Que el PRI debe cambiar, no hay duda. Ninguna organización social debe permanecer estática, menos aún cuando el escenario --la mutación profunda de la vida política, la nueva correlación de fuerzas, el influjo democrático-- constituye una oportunidad única para acompasar al partido al nuevo tiempo mexicano.
El cambio que requiere el PRI tiene que ser serio y a fondo. No es tiempo de simulaciones, de cambios cosméticos o de retoque, ni para el regreso a prácticas que sirvieron en otras épocas, pero que hoy significarían la restauración de usos que deben quedarse en el pasado. Los cambios que tendrá que experimentar el partido deberán mirar hacia adelante, conducir a un fortalecimiento democrático para alcanzar la justicia social.
El partido que estamos construyendo desde nuestros espacios y trincheras muchos militantes en este fin de época, es un partido incluyente que mira más allá de sus fronteras tradicionales, autocrítico (lo que no implica autodenigración), con procesos democráticos de selección de candidatos y dirigentes, dispuesto al debate, proactivo, con sentido de identidad y una militancia con mística partidaria, orgullosa de su pertenencia. Es una opción digna para la participación política de los ciudadanos.
Debe ser un partido que sepa hacer la lectura correcta de su tiempo y asuma una visión estratégica. Con un énfasis ciudadano y territorial porque ejerce la afiliación individual; próximo a sus cuadros y militantes y a sus organizaciones, promotor de liderazgos modernos y representativos.
El partido con el que estamos comprometidos debe mantener con los gobiernos priístas --federal, estatales y municipales-- un apoyo crítico que no sea subordinación, sino exigencia de respeto mutuo. Mantener un seguimiento puntual del ejercicio del poder para verificar la congruencia entre la oferta programática (nuestra plataforma) que los llevó al poder y la práctica gubernamental.
Se trata de un partido que reclama honestidad, ética y valores en el ejercicio de la función pública. La legitimidad de los gobernantes no sólo se obtiene en procesos electorales equitativos e incuestionables, sino también por el desempeño honesto y eficaz de los servidores públicos. Debe ser un partido donde la corrupción no tenga cabida, se detecte a tiempo, se denuncie, se combata.
Un partido que entienda a los otros partidos como adversarios, no como enemigos; que compita con ellos, que no se amedrente ni se eche para atrás al demostrar que puede ser la mejor opción, con la mejor oferta al abanderar las causas más justas; que reconozca la compleja dinámica social y tienda puentes con instituciones, grupos y personalidades; que acerque y construya redes en la sociedad, especialmente con las mujeres y los jóvenes.

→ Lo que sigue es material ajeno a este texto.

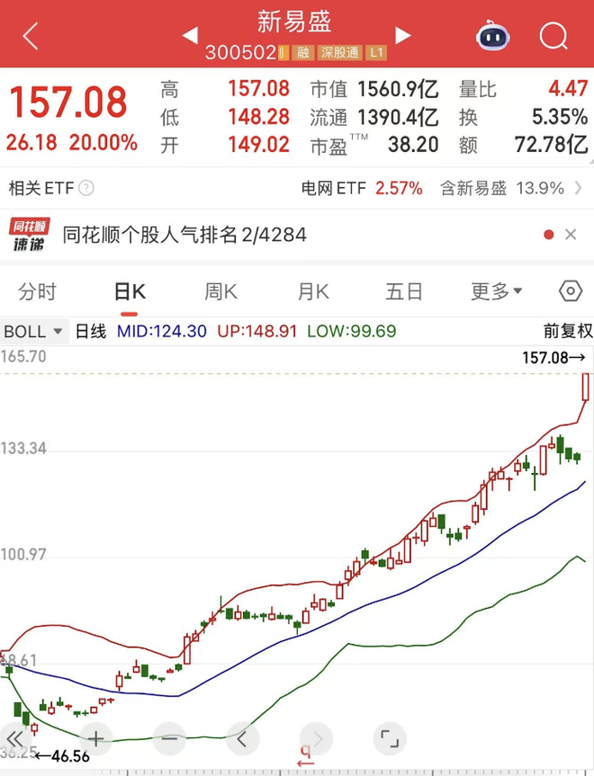 受业绩利好影响,7月15日,新易盛开盘大涨,9时40分股价涨停,涨幅20%,成交金额超60亿元,每股报157.08元,总市值1561亿元。今年4月9日以来,新易盛股价累计涨幅超200%。
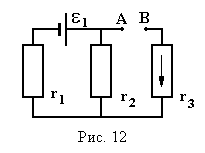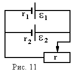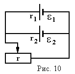 95. Две батареи /Е1=10 В, r1=1 Ом, Е2=8 В, r2=2 Ом/ и реостат /r=6 Ом/ соединены как показано на рисунке 10. Найти силу тока в батареях и реостате. 96. Два источника тока /ε1=8 В, r1=2 Ом, ε2=6 В, r2=1,5 Ом/ и реостат /r=10 Ом/ соединены, как показано на рисунке 11. Вычислить силу тока, текущего через реостат.
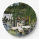 White ducks, lily pads, cattails, lake shore paper plate

Debe ser un partido que defina claramente su perfil ideológico: el compromiso democrático y el acento social; que conduzca, canalice y contribuya a la gobernabilidad democrática; que reconozca las peculiaridades de las regiones e impulse transformaciones que reconozcan esas condiciones específicas y, por ello, los tiempos y ritmos del cambio.
El PRI existe. Tiene raíces y presencia nacional que no alcanza ningún otro partido y debe preservar su organización, estructura, convocatoria y cohesión nacionales, para superar los desequilibrios del regionalismo desigual y no quedar a merced de cacicazgos. Pero deberá mostrar con hechos --como lo ha hecho varias veces en su historia-- que está dispuesto a ponerse al día, a transitar hacia prácticas políticas signadas por la democracia, la honestidad y la ética, lo que implica revisar todo: estructura, doctrina, reglas internas, usos políticos.
En la próxima legislatura del Congreso de la Unión, las fracciones priístas tomaremos la iniciativa, llevaremos a la agenda las prioridades de la sociedad --empleo, seguridad pública, vivienda, servicios públicos-- y promoveremos leyes y políticas públicas orientadas a mejorar la calidad de vida del pueblo. Ese y no otro es el compromiso esencial del PRI, del partido que queremos. Así rescataremos el amplísimo respaldo popular.